Jumlah rata-rata pendapatan atas biaya total yang dikeluarkan oleh petani yang menggunakan benih sertifikat lebih tinggi dibandingkan dengan petani yang menggunakan benih non sertifikat. Total penerimaan yang dihasilkan oleh petani benih sertifikat lebih tinggi dibandingkan dengan petani yang menggunakan benih non sertifikat. Hal tersebut membuktikan bahwa penggunaan benih sangat berpengaruh terhadap jumlah pendapatan petani. Pada total penerimaan menunjukkan penerimaan tunai dan non tunai benih sertifikat lebih tinggi dibandingkan dengan benih non sertifikat. Hal tersebut karena pada penerimaan tunai petani benih sertifikat rata-rata menjual benihnya, sehingga mempengaruhi biaya tunai yang dikeluarkan karena petani benih sertifikat lebih sering melakukan pembelian benih yang baru dengan harga yang cukup mahal untuk dapat menjaga kualitas dari benih kentang itu sendiri. Bebeda halnya pada petani yang menggunakan benih non sertifikat, petani tidak menjual benih tersebut dan disimpan untuk digunakan kepentingan sendiri pada musim tanam selanjutnya. Hal tersebut mempengaruhi biaya tunai yang dikeluarkan karena petani benih non sertifikat jarang melakukan pembelian benih yang baru. Jika petani yang menggunakan benih non sertifiakt melakukan pembelian beih yang baru, biaya yang dikeluarkan juga lebih rendah karena harga benih sertifiakt yang lebih murah dibandingkan membeli benih kentang sertifikat dari penangkar.

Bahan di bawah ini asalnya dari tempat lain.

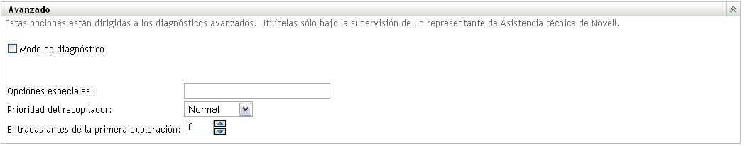 ADVERTENCIA:estas opciones están destinadas al diagnóstico avanzado. Sólo se deben utilizar bajo la supervisión de un representante del servicio de asistencia técnica de Novell.

Selain benih, komponen lain pada penerimaan maupun biaya tidak jauh berbeda. Hal tersebut dapat dilihat pada komponen penerimaan non tunai yang menunjukkan bahwa antara benih sertifikat maupun non sertifikat sama-sama melakukan penyimpanan benih untuk menghemat biaya produksi. Pada komponen

biaya, penggunaan tenaga kerja juga tidak jauh berbeda. Pada benih sertifikat, biaya yang dikeluarkan untuk komponen tenaga kerja luar keluarga lebih besar dibandingkan dengan petani non sertifikat. Berbeda halnya pada petani benih non sertifikat, komponen biaya non tunai yang dikeluarkan untuk tenaga kerja dalam keluarga lebih besar dibandingkan benih sertifikat. Sehingga, nilai pendapatan atas biaya total pada benih sertifikat lebih tinggi dibandingkan dengan non sertifikat. Hal tersebut dipengaruhi oleh total penerimaan benih sertifikat yang lebih tinggi dibandingkan dengan non sertifikat yang membuat selisih antara penerimaan terhadap biaya menjadi lebih besar walaupun jumlah biaya yang dikeluarkan oleh petani benih sertifikat lebih tinggi.

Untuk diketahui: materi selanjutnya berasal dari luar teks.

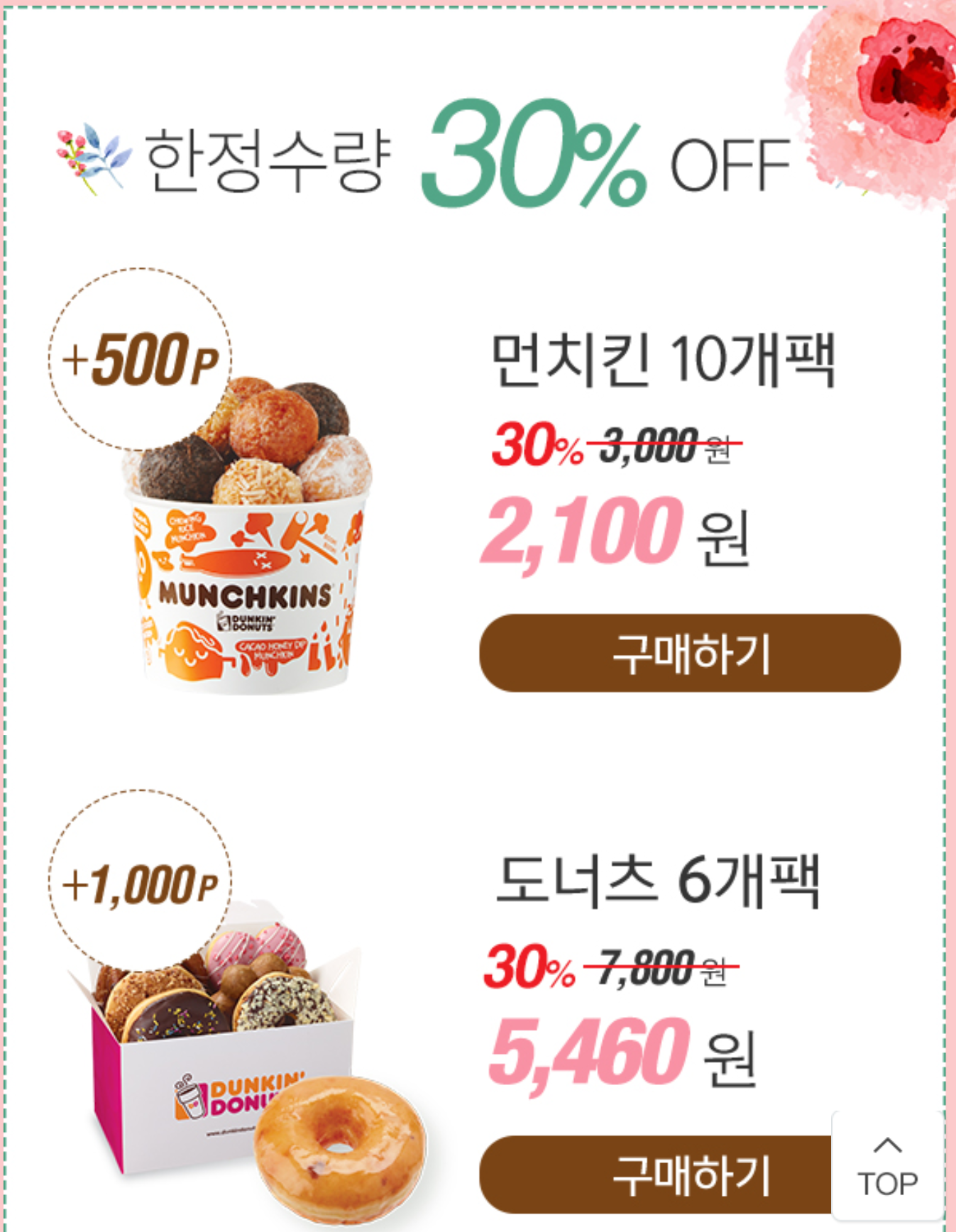 [셀렉토리] 던킨도너츠 30%할인+@해피포인트(2100~)

Faktor lain selain benih yang dapat mempengaruhi pendapatan yaitu pengalaman bertani dan ilmu pengetahuan yang dimiliki petani. Sebagian besar petani benih sertifikat mendapatkan wawasan dan ilmu pengetahuan dari penangkar mengenai teknik budidaya kentang dan diterapkan pada kegiatan usahatani kentangnya sehingga berpengaruh ke dalam penggunaan input dan dapat menghemat biaya produksi

Sementara itu pada petani yang menggunakan benih non sertifikat, sebagian besar petani dalam menjalankan kegiatan usahataninya bergantung dari pengalaman bertani. Pengalaman bertani yang dimiliki oleh petani membuat petani yakin untuk dapat menjalankan kegiatan usahataninya dengan baik dan menguntungkan, tetapi dengan penggunaan input yang tidak sesuai dengan dosis yang dianjurkan, membuat jumlah biaya yang dikelurkan menjadi lebih besar.

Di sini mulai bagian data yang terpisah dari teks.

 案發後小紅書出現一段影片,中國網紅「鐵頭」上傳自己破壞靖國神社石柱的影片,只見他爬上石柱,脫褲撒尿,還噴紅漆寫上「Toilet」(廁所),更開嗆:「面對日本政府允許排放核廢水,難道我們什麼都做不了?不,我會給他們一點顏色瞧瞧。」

Pendapatan atas biaya tunai pada benih sertifikat menunjukkan jumlah rata-rata yang lebih tinggi yaitu senilai Rp100 673 351/ha/musim tanam dibandingkan dengan benih non sertifikat yaitu senilai Rp42 871 122/ha/musim tanam. Hal tersebut disebabkan karena pada petani benih sertifikat penerimaan tunai yang dihasilkan lebih tinggi walaupun biaya tunai yang dikeluarkan lebih besar. Petani benih sertifikat, mendapatkan jumlah penerimaan tambahan dari penjualan bibit kentang. Harga bibit kentang yang dijual oleh petani yang menggunakan benih sertifikat yaitu sebesar Rp10 000/kg sampai Rp12 000/kg tergantung dari kelas benihnya.